Monday, March 30, 2015

On My Radar:

Love & Fury: A Memoir
by Richard Hoffman
Beacon Press
Trade Paperback

My relationship with my own father was fraught with confusion brought on by mutual mistrust and fear.  My fear was of my father's brute strength. His fear was that I would actually get to know him.  I can't say every boy struggles with this or something similar but I do know that when a book comes along that examines father-son dynamics, I'm in.  --Book Dude

From the publisher's website:

Richard Hoffman sometimes felt as though he had two fathers: the real one who raised him and an imaginary version, one he talked to on the phone, and one he talked to in his head. Although Hoffman was always close to the man, his father remained a mystery, shrouded in a perplexing mix of tenderness and rage. When his father receives a terminal cancer diagnosis, Hoffman confronts the depths and limitations of their lifelong struggle to know each other, weighing their differences and coming to understand that their yearning and puzzlement was mutual.

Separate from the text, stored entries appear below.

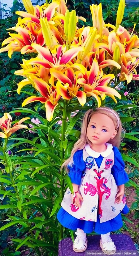 -«Мы не пьём чай, деточка», церемонно качая головками ответили лилии,-«по утрам мы пьём только свежайшую росу и принимаеи у себя изящных пчёл, утончённых ос и важных, мохнатых шмелей, иногда, правда, залетают бабочки и мотыльки, но это так, однодневки- мы не поддерживаем с ними знакомства, если хочешь, приходи и ты, а теперь прощай, нам пора ложиться спать». Жози побежала к дому:«меня, наверное, уже давно ищут „подумала она, но вдруг остановилась, как вкопанная: любимая кукла осталась сидеть там, где её оставили — неподалёку от прудика с вредными рыбками, пришлось возвращаться, кукла сидела на том же самом месте, где её забыла Жози и обиженно хлопала ресницами,
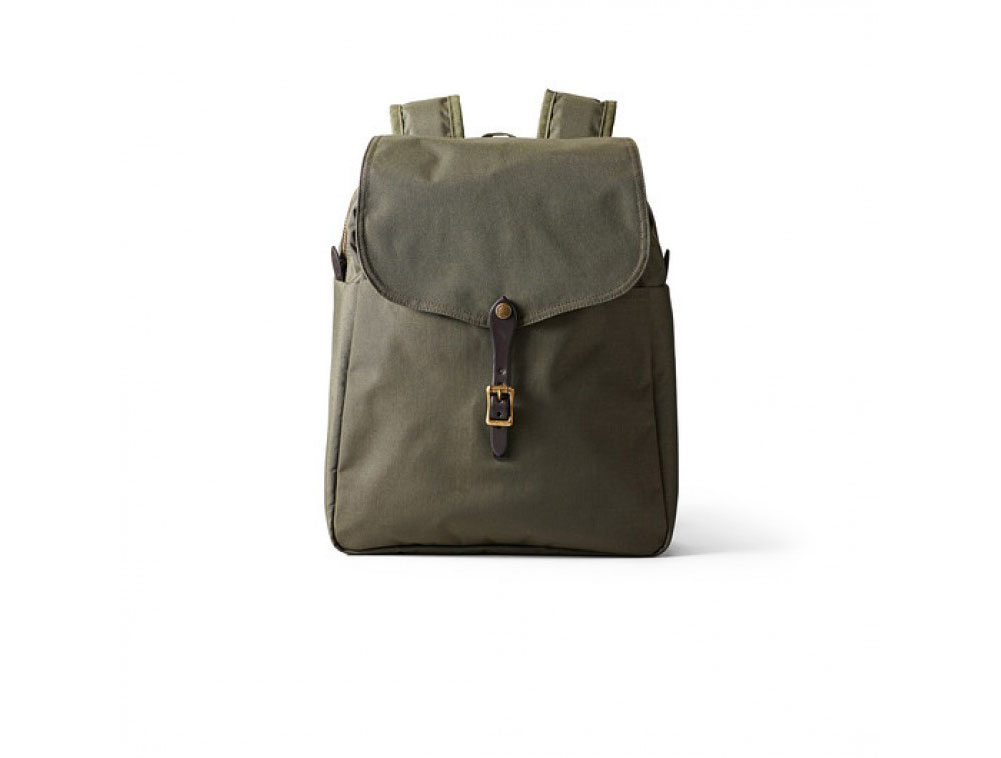 The Filson daypack has room for everything! This otter green pack features qater-repellent matte nylon fabric, poly/cotton lining, fully padded back, and lined shoulder straps.
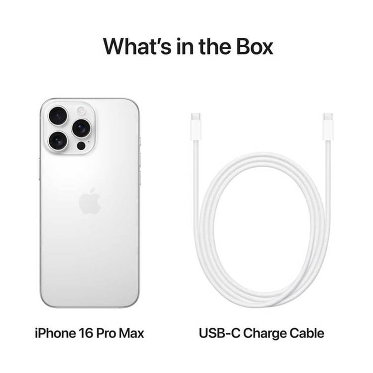 Apple iPhone 16 Pro Max with 512GB Capacity, TDRA Version, 6.9‑inch Screen Size, USB-C Connector Type, 6‑Core CPU, 6‑Core GPU, 5G Network Technology, Splash, Water & Dust Resistant - White Titanium
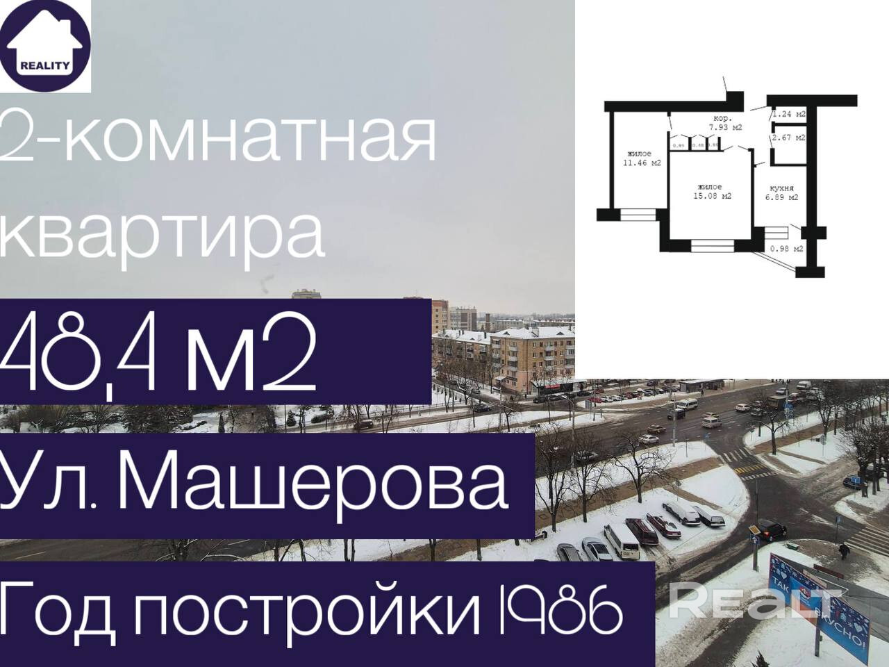 Предлагаем купить 2 -х комнатную квартиру в центральной части города по ул. Машерова 8/9 -этажного кирпичного дома 1986 г. п. с раздельным санузлом. Общая площадь по СНБ 48,4 кв. м., общая 47,4 кв. м., жилая 26,5 кв. м., кухня 7,0 кв. м. Окна квартиры выходят на улицу Машерова.
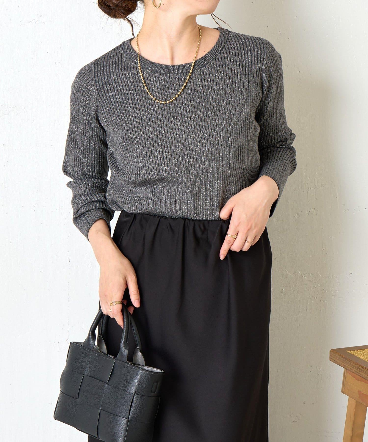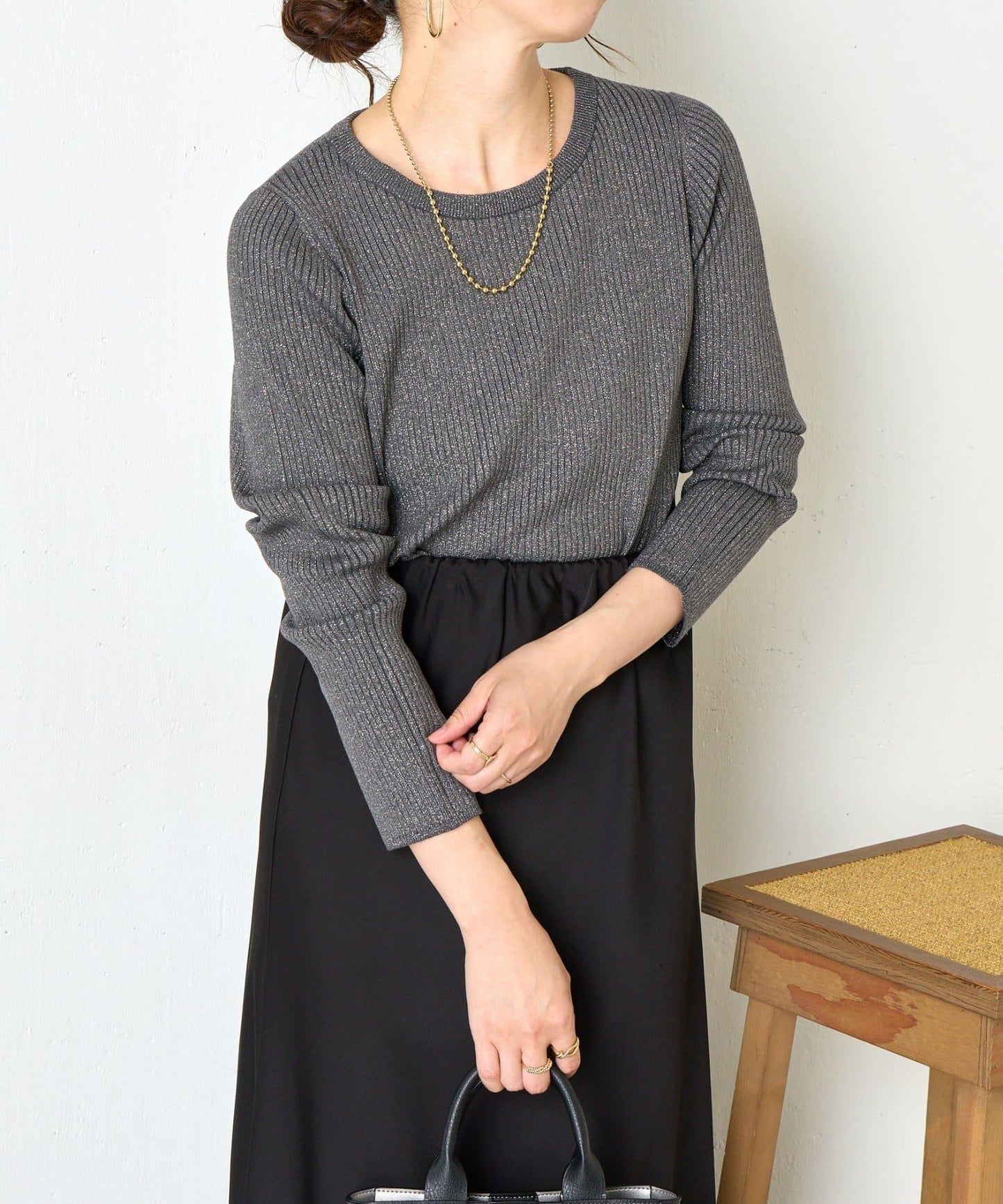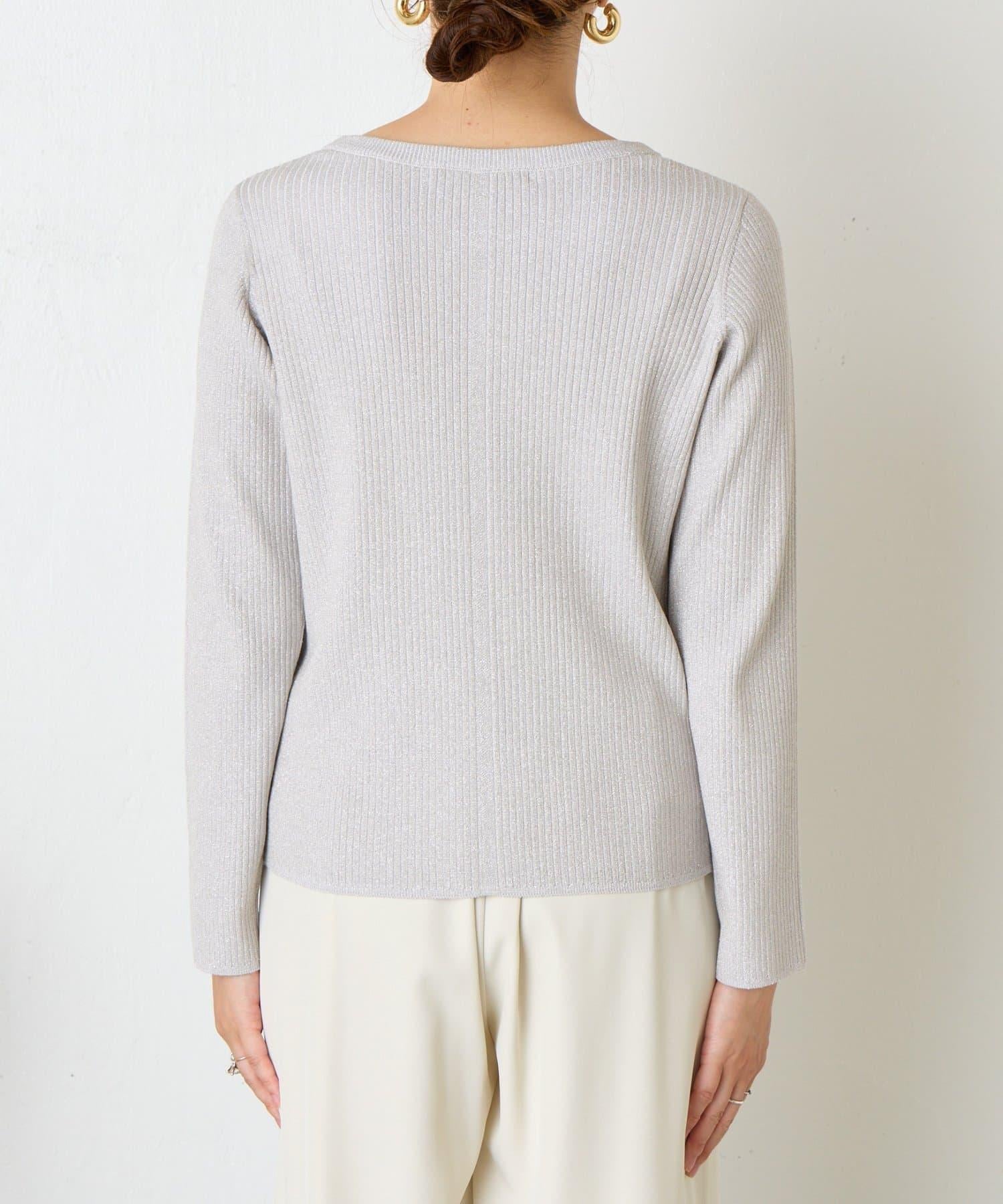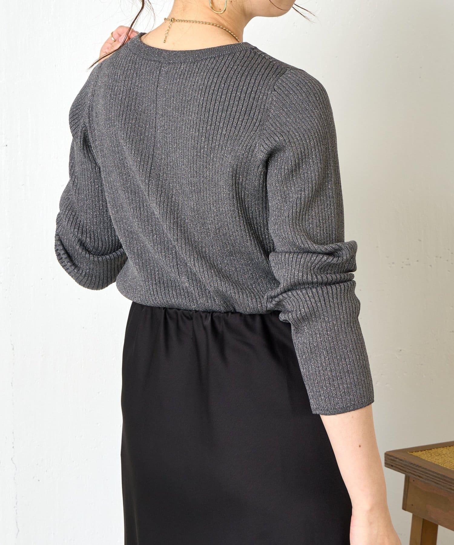 優雅的羅紋針織上衣,帶有彈性和精緻的交織薄片。

With familial relationships at its center, Love & Fury draws connections between past and present, from the author’s grandfather, a “breaker boy” sent down into the anthracite mines of Pennsylvania at the age of ten, to his young grandson, whose father is among the estimated one million young black men incarcerated today. In a critique of culture and of self, Hoffman grapples with the way we have absorbed and incorporated the compelling imagery of post WWII America and its values, especially regarding class, war, women, race, masculinity, violence, divinity, and wealth.


A masterful memoirist, Hoffman writes not only to tell a gripping story but also to understand, through his family, the social and ethical contours of American life. At the book’s core are the author’s questions about boyhood, fatherhood, and grandfatherhood, and about the changing meaning of what it means to be a good man in America, now and into the future.